A newly created topic name may represent the concept better than the existing topic name. These conventions might be created at different time periods. Open questions, on the other hand, contains more sexual, body, health related words which might be reasons why they do not attract answers. Number of answers before merge: Similar to the number of questions, number of answers in a topic is also an engagement indicator and might decide the direction of the merge. When a user decides to merge two topics, he/she has to make a choice about the direction of merge. An important future direction would be to conduct a detailed error analysis (?; ?) of the false positives obtained from our results which hale be helpful in further improving the model. However, these two topics were indeed later merged on 19 Jan 2017. Another such interesting example that we found is ‘Psycho-2’ merged into ‘Psychology-of-Everyday-Life’ on 22 Feb 2017. Automatic enumeration of such correct ‘false positives’ would be an immediate future step. Figure 3c shows the distribution of the unweighted overlap coefficients of the co-occurring topics.

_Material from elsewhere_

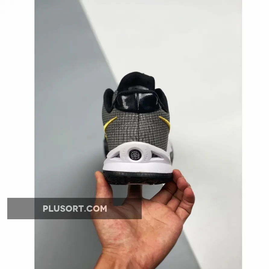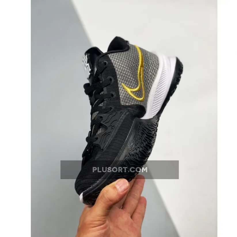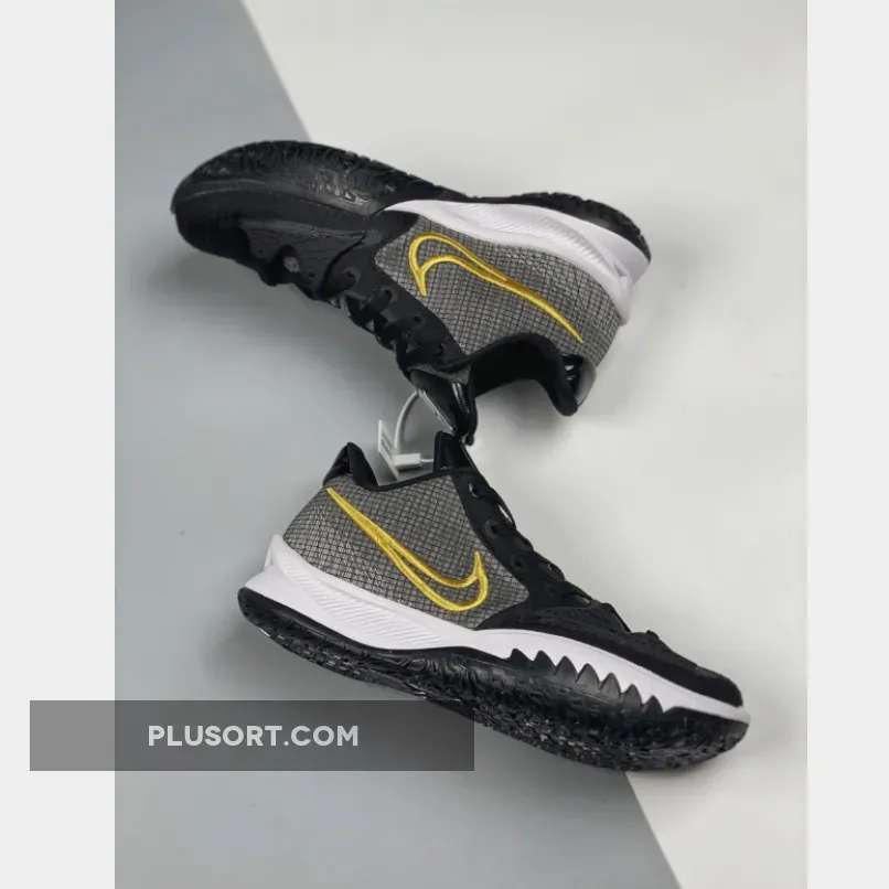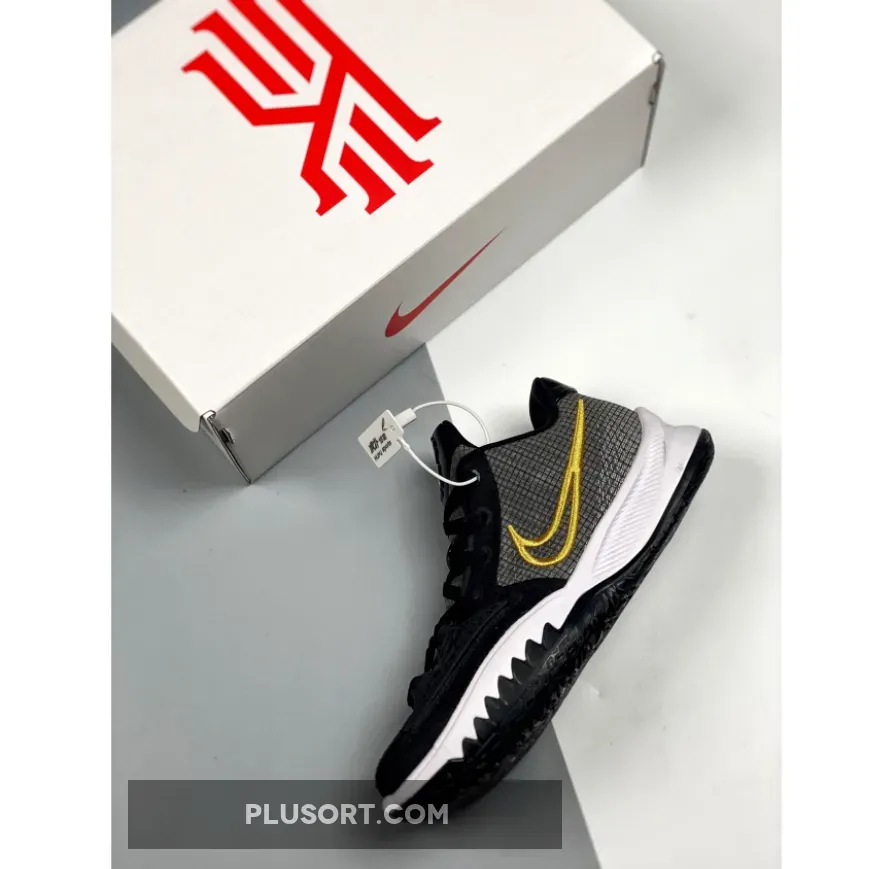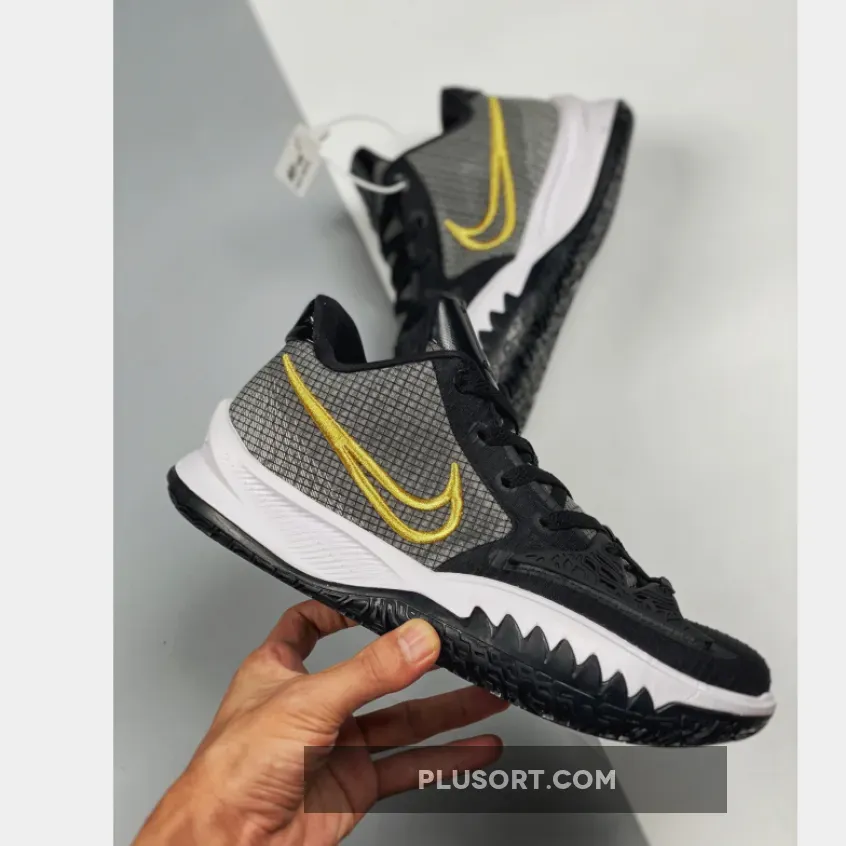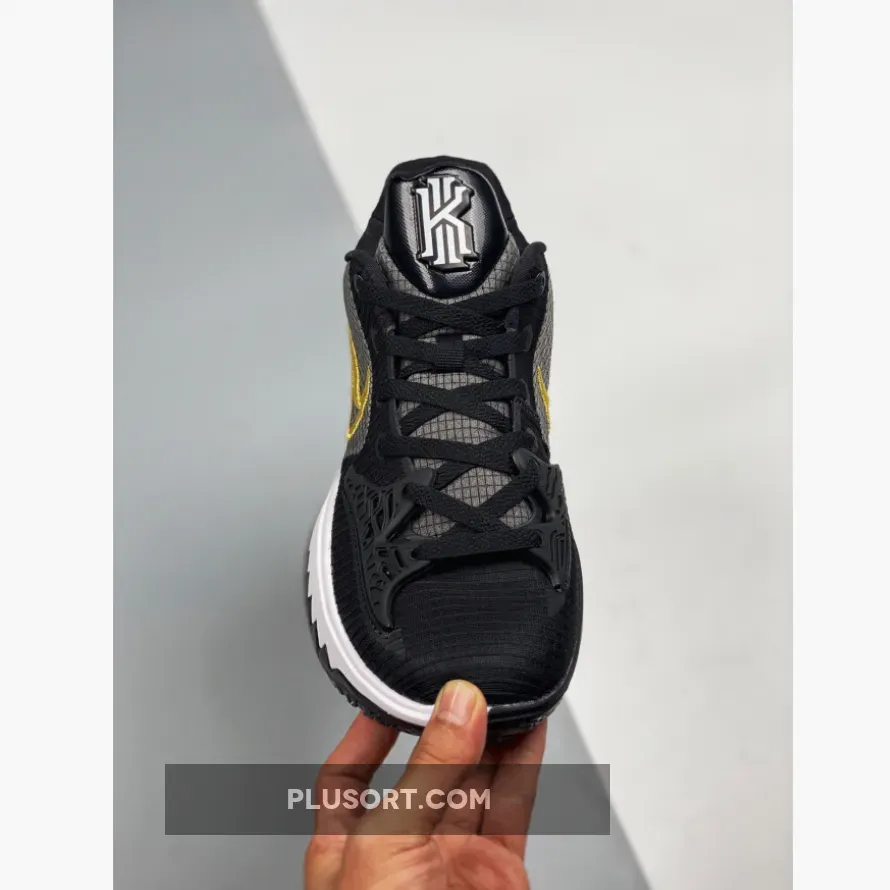This offering of the Nike Kyrie Low 4 features a Black-based upper with a molded cage overlay on the forefoot.

Figure 3d shows the distribution of the co-occurring topics’ parent-child overlap (weighted). Figure 3e shows the distribution. Figure 7: Activity. Familiarity details of the users. According to the style mavens at Real Simple magazine, the fundamentals of figure flattery still apply. Five, say Real Simple editors, "is bordering on clown costume." If you opt for similar shades, go with the same color "intensity," pairing brights with brights, and the like. Williams, Krisztina. "How to Color Block Like A Pro." The Accessorizer/Squidoo. In almost all such cases, users (or Quora moderators) manually merge the topic pair into one of the either topics, thus selecting one of the competing conventions. This early prediction scheme can be easily integrated to the Quora system thus enabling users and moderators to identify and correctly merge topics much early in time. On the other hand, the human judgment wrongly predicted that these two topics should merge. Apart from this, our system was able to correctly predict 37.24% of the cases that were wrongly predicted by the human judgment.
The 180 negative cases consists of 90 unmerge and 90 neighborhood pairs. From the figure, we can clearly observe that this hypothesis is true for the merge pairs. Therefore, such an experiment can be done only for a small set of questions and it would be practically impossible to scale it up for the entire collection of posts on the Q&A site. For OCSVM, we set the kernel as ‘rbf’. Co-occurring topic overlap: Each topic is associated with a set of questions. In case of Random Forest (RF) we set the number of tree as 10. For SVM, we user Linear Kernal and C as 1.0. For LR, we use ‘l2’ penalty with C as 1.0 and set ‘liblinear’ as the optimization algorithm. We find that in case of Quora, 33% of the times an existing convention gets replaced by a new convention. First, to understand how active they are on Quora, they were asked, “How much time (in hours) do you spend on Quora? In this study we focus on the answerability of questions on Quora, i.e., whether a posted question shall eventually get answered. Conte nt h as been generated with the help of GSA C ontent Generator DEMO.